§ DATA LISTING
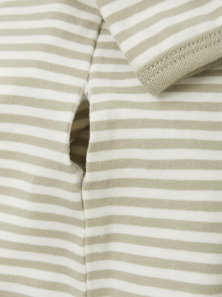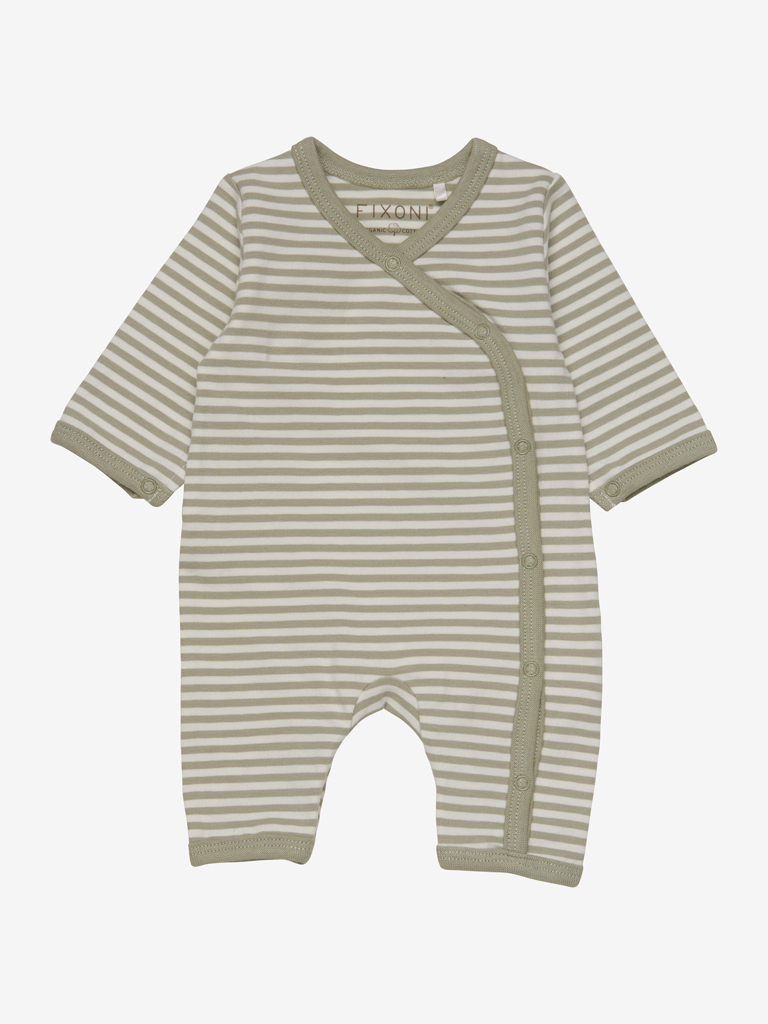Deze onesie of kruippakje is heel zacht en heeft groen/witte strepen.
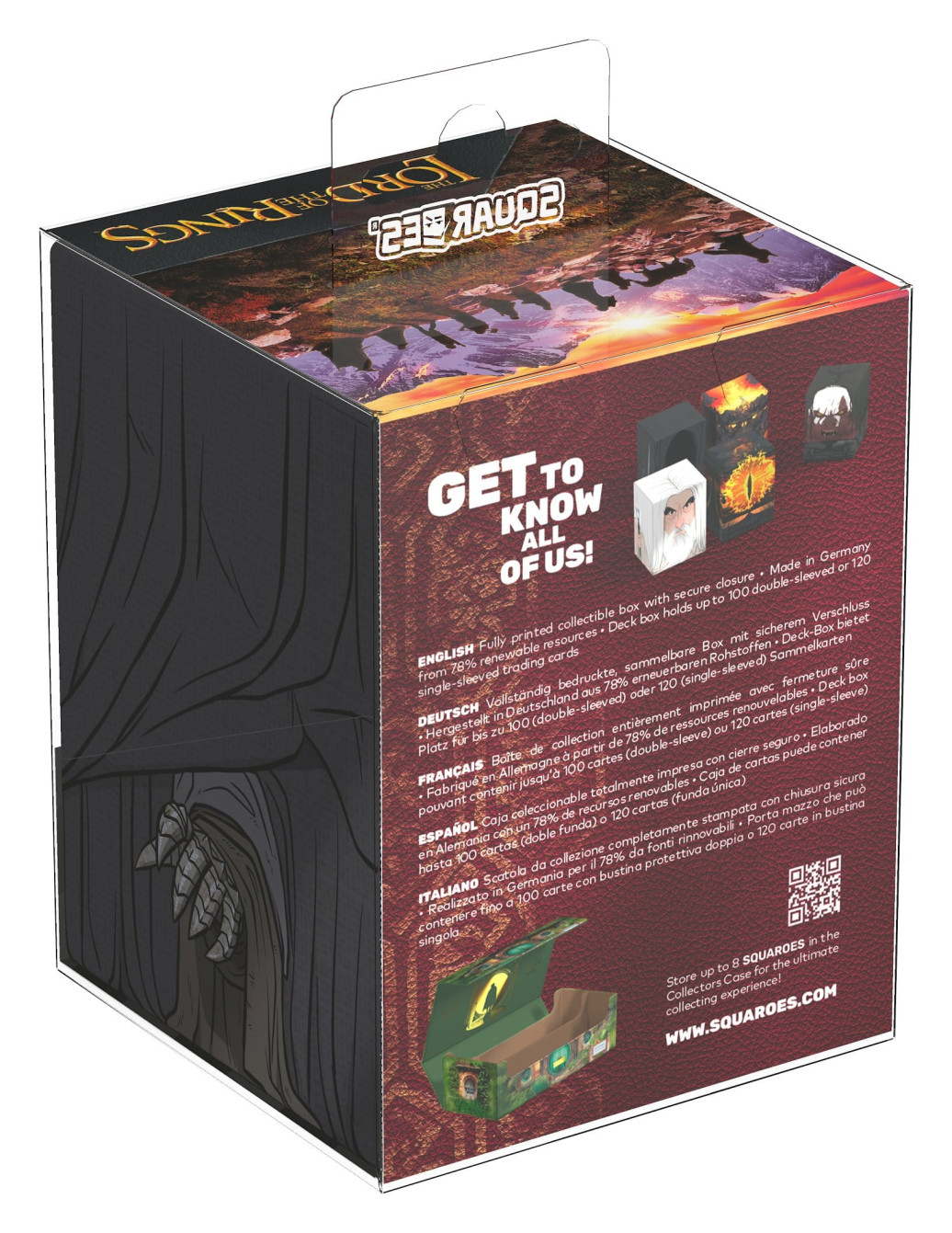 Vergesst nicht, eure The Lord of the Rings-Sammlung mit dem passenden "[DESIGN NAME]" Collectors Case zu vervollständigen - der perfekten Box zur Aufbewahrung von bis zu acht Squaroes!
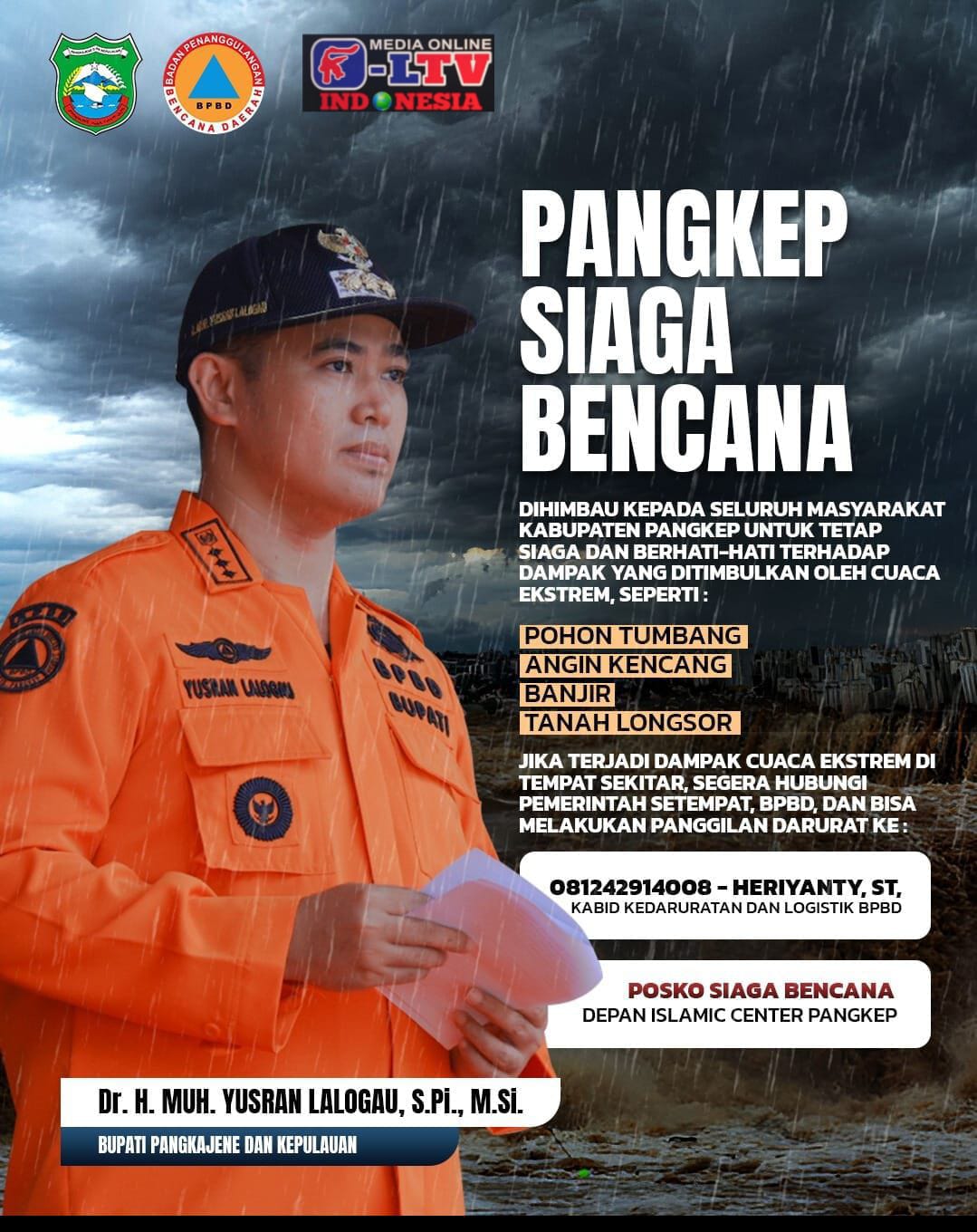 klivetvindonesia.com, PANGKEP– Bupati Pangkajene dan Kepulauan (Pangkep), DR. H. Muhammad Yusran Lalogau, SP, MSi, mengingatkan masyarakat untuk tetap waspada terhadap potensi bencana akibat cuaca ekstrem. Beliau menekankan pentingnya kesiagaan menghadapi ancaman seperti pohon tumbang, tanah longsor, dan banjir yang dapat terjadi sewaktu-waktu
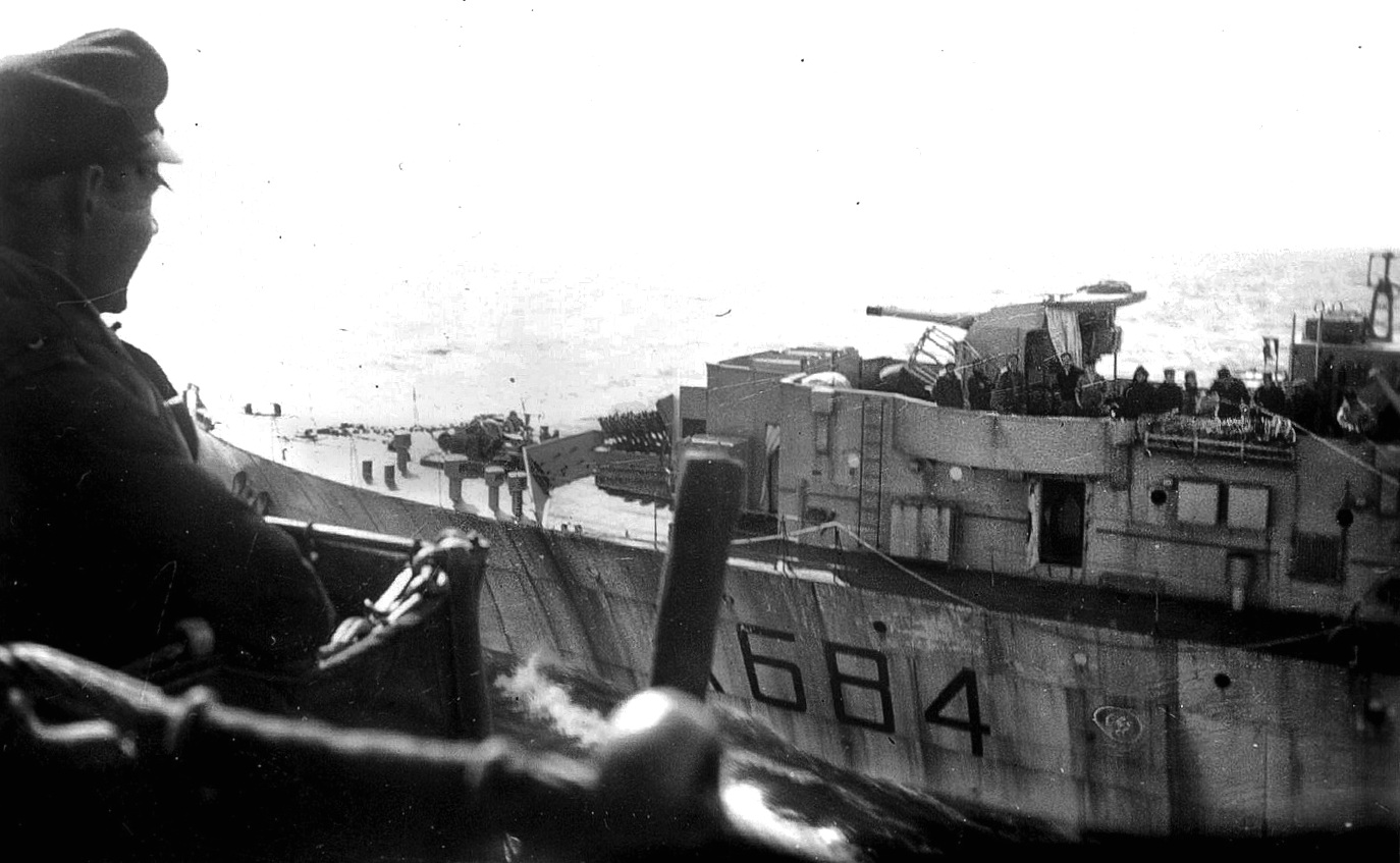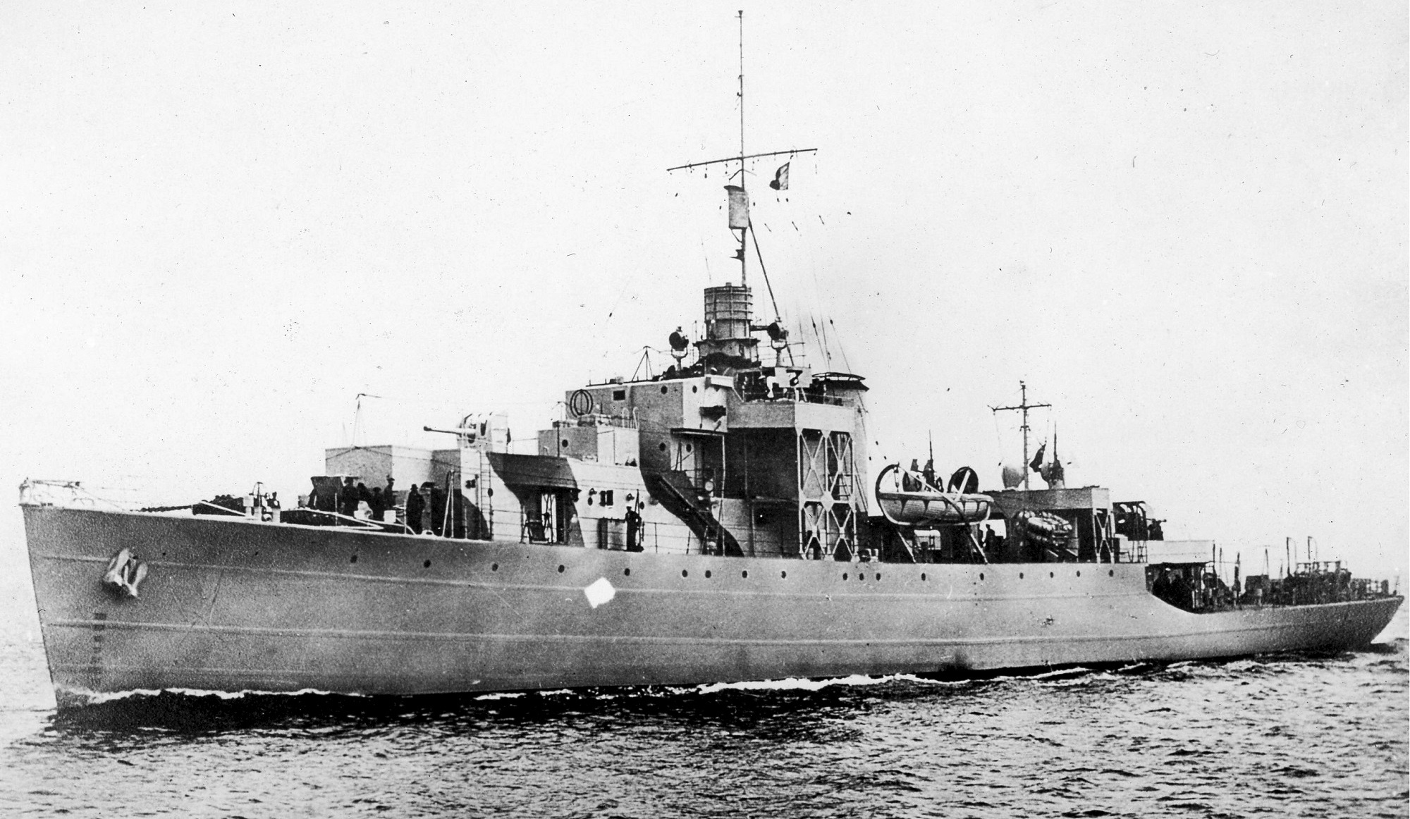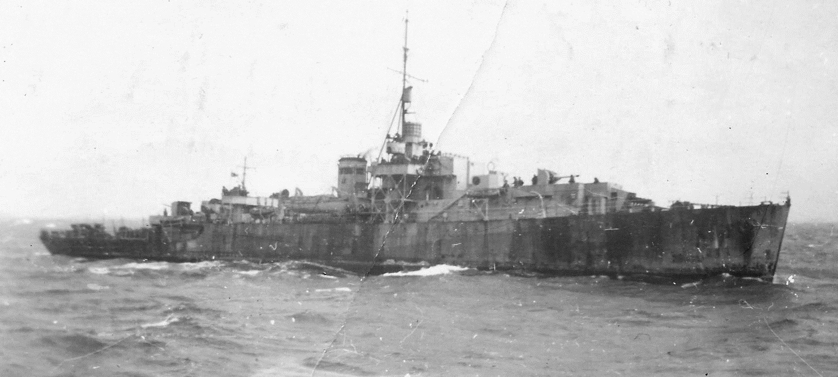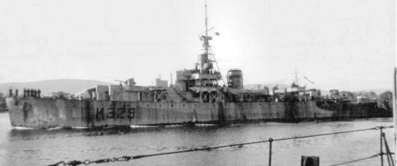 HMCS Valleyfield (K329) River class Frigate. Built at Quebec City, she was commissioned there 7 Dec 1943. She arrived at Halifax on 20 Dec 1943 and commenced working up in St. Margaret’s Bay, completing the process in Bermuda. She left Halifax at the end of Feb 1944, to join EG C-1 and sailed for the UK with convoy SC.154, but was detached to Horta en route, escorting a tug and its tow, the rescue ship Dundee. Her next assignment was to escort the damaged HMCS Mulgrave, in tow from Horta for the Clyde. The three left the Azores on 14 Mar 1944 and joined convoy SL.151 (from Sierra Leone) three days later. HMCS Valleyfield made one return trip to Canada, and on her next trip left Londonderry on 27 Apr 1944 with convoy ON.234. On 7 May 1944, HMCS Valleyfield was sunk by a single acoustic torpedo by U-548 (Kptlt Eberhard Zimmermann) 0435hrs, 50 miles SE of Cape Race, 46-03N 52-24W. At the time, HMCS Valleyfield was part of escort group C1, performing a search for the U-boat. HMCS Valleyfield sank so quickly that other ships in the group did not immediately realize what had happened. A combination of the ship’s quick sinking, the delay in rescue efforts, and the cold water resulted in only 38 survivors with 125 crew members including LCdr English lost. Survivors were rescued by HMCS Giffard (K402). She was the only RCN ship of her class to be lost.
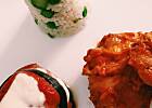 Kurczak alla romana, wiezyczki z baklazana i mozzarelli ( przepysznej, prosto od malego, swietnego producenta z Neapolu...smak niesamowity), ryz basmati ze szparagami
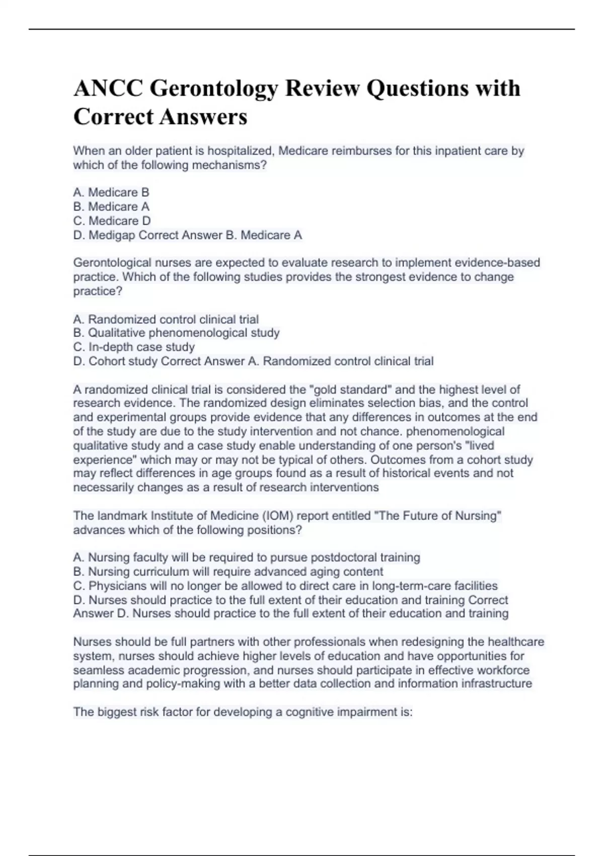 When an older patient is hospitalized, Medicare reimburses for this inpatient care by which of the following mechanisms? A. Medicare B B. Medicare A C. Medicare D D. Medigap Correct Answer B. Medicare A Gerontological nurses are expected to evaluate research to implement evidence-based practice. Which of the following studies provides the strongest evidence to change practice? A. Randomized control clinical trial B. Qualitative phenomenological study C. In-depth case study D. Cohort study Correct Answer A. Randomized control clinical trial A randomized clinical trial is considered the "gold standard" and the highest level of research evidence. The randomized design eliminates selection bias, and the control and experimental groups provide evidence that any differences in outcomes at the end of the study are due to the study intervention and not chance. phenomenological qualitative study and a case study enable understanding of one person's "lived experience" which may or may not be typical of others. Outcomes from a cohort study may reflect differences in age groups found as a result of historical events and not necessarily changes as a result of research interventions The landmark Institute of Medicine (IOM) report entitled "The Future of Nursing" advances which of the following positions? A. Nursing faculty will be required to pursue postdoctoral training B. Nursing curriculum will require advanced aging content C. Physicians will no longer be allowed to direct care in long-term-care facilities D. Nurses should practice to the full extent of their education and training Correct Answer D. Nurses should practice to the full extent of their education and training Nurses should be full partners with other professionals when redesigning the healthcare system, nurses should achieve higher levels of education and have opportunities for seamless academic progression, and nurses should participate in effective workforce planning and policy-making with a better data collection and information infrastructure The biggest risk factor for developing a cognitive impairment is:
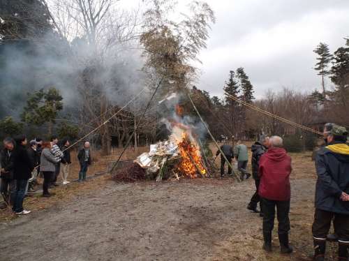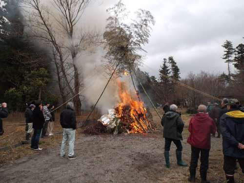毎年恒例となっている 地元や周辺施設(shè)、大山リゾートのオーナー様が參加する 「とんどさん」が大山リゾート隣接の交流の森公園で開催されました。 「とんどさん」とは新年に行われる火祭行事の事で 地域によっては「とんど焼き」「左議長」などと呼ばれる 正月飾りなどを焼く行事で一年の無病息災(zāi)を祈って行われています。 今年は積雪がない狀況での「とんどさん」。 私も大山リゾートに赴任してきて初めての経験です。 大山ガーデンプレイスの支配人の挨拶の後、著火です。 今年は年末から天候が良かった為すぐに大きな炎が立ち上がります。 地元の方が用意していただいたぜんざいなどの料理も振舞われ 街中ではあまり見かけなくなった伝統(tǒng)行事を楽しみました。

§ WHAT THE EXERCISE ASKS
Restate the listing word for word, pictures omitted.

§ THE COMPLETED TASK
Deze onesie of kruippakje is heel zacht en heeft groen/witte strepen.
 Vergesst nicht, eure The Lord of the Rings-Sammlung mit dem passenden "[DESIGN NAME]" Collectors Case zu vervollständigen - der perfekten Box zur Aufbewahrung von bis zu acht Squaroes!
 klivetvindonesia.com, PANGKEP– Bupati Pangkajene dan Kepulauan (Pangkep), DR. H. Muhammad Yusran Lalogau, SP, MSi, mengingatkan masyarakat untuk tetap waspada terhadap potensi bencana akibat cuaca ekstrem. Beliau menekankan pentingnya kesiagaan menghadapi ancaman seperti pohon tumbang, tanah longsor, dan banjir yang dapat terjadi sewaktu-waktu
 HMCS Valleyfield (K329) River class Frigate. Built at Quebec City, she was commissioned there 7 Dec 1943. She arrived at Halifax on 20 Dec 1943 and commenced working up in St. Margaret’s Bay, completing the process in Bermuda. She left Halifax at the end of Feb 1944, to join EG C-1 and sailed for the UK with convoy SC.154, but was detached to Horta en route, escorting a tug and its tow, the rescue ship Dundee. Her next assignment was to escort the damaged HMCS Mulgrave, in tow from Horta for the Clyde. The three left the Azores on 14 Mar 1944 and joined convoy SL.151 (from Sierra Leone) three days later. HMCS Valleyfield made one return trip to Canada, and on her next trip left Londonderry on 27 Apr 1944 with convoy ON.234. On 7 May 1944, HMCS Valleyfield was sunk by a single acoustic torpedo by U-548 (Kptlt Eberhard Zimmermann) 0435hrs, 50 miles SE of Cape Race, 46-03N 52-24W. At the time, HMCS Valleyfield was part of escort group C1, performing a search for the U-boat. HMCS Valleyfield sank so quickly that other ships in the group did not immediately realize what had happened. A combination of the ship’s quick sinking, the delay in rescue efforts, and the cold water resulted in only 38 survivors with 125 crew members including LCdr English lost. Survivors were rescued by HMCS Giffard (K402). She was the only RCN ship of her class to be lost.
 Kurczak alla romana, wiezyczki z baklazana i mozzarelli ( przepysznej, prosto od malego, swietnego producenta z Neapolu...smak niesamowity), ryz basmati ze szparagami
 When an older patient is hospitalized, Medicare reimburses for this inpatient care by which of the following mechanisms? A. Medicare B B. Medicare A C. Medicare D D. Medigap Correct Answer B. Medicare A Gerontological nurses are expected to evaluate research to implement evidence-based practice. Which of the following studies provides the strongest evidence to change practice? A. Randomized control clinical trial B. Qualitative phenomenological study C. In-depth case study D. Cohort study Correct Answer A. Randomized control clinical trial A randomized clinical trial is considered the "gold standard" and the highest level of research evidence. The randomized design eliminates selection bias, and the control and experimental groups provide evidence that any differences in outcomes at the end of the study are due to the study intervention and not chance. phenomenological qualitative study and a case study enable understanding of one person's "lived experience" which may or may not be typical of others. Outcomes from a cohort study may reflect differences in age groups found as a result of historical events and not necessarily changes as a result of research interventions The landmark Institute of Medicine (IOM) report entitled "The Future of Nursing" advances which of the following positions? A. Nursing faculty will be required to pursue postdoctoral training B. Nursing curriculum will require advanced aging content C. Physicians will no longer be allowed to direct care in long-term-care facilities D. Nurses should practice to the full extent of their education and training Correct Answer D. Nurses should practice to the full extent of their education and training Nurses should be full partners with other professionals when redesigning the healthcare system, nurses should achieve higher levels of education and have opportunities for seamless academic progression, and nurses should participate in effective workforce planning and policy-making with a better data collection and information infrastructure The biggest risk factor for developing a cognitive impairment is:
毎年恒例となっている 地元や周辺施設(shè)、大山リゾートのオーナー様が參加する 「とんどさん」が大山リゾート隣接の交流の森公園で開催されました。 「とんどさん」とは新年に行われる火祭行事の事で 地域によっては「とんど焼き」「左議長」などと呼ばれる 正月飾りなどを焼く行事で一年の無病息災(zāi)を祈って行われています。 今年は積雪がない狀況での「とんどさん」。 私も大山リゾートに赴任してきて初めての経験です。 大山ガーデンプレイスの支配人の挨拶の後、著火です。 今年は年末から天候が良かった為すぐに大きな炎が立ち上がります。 地元の方が用意していただいたぜんざいなどの料理も振舞われ 街中ではあまり見かけなくなった伝統(tǒng)行事を楽しみました。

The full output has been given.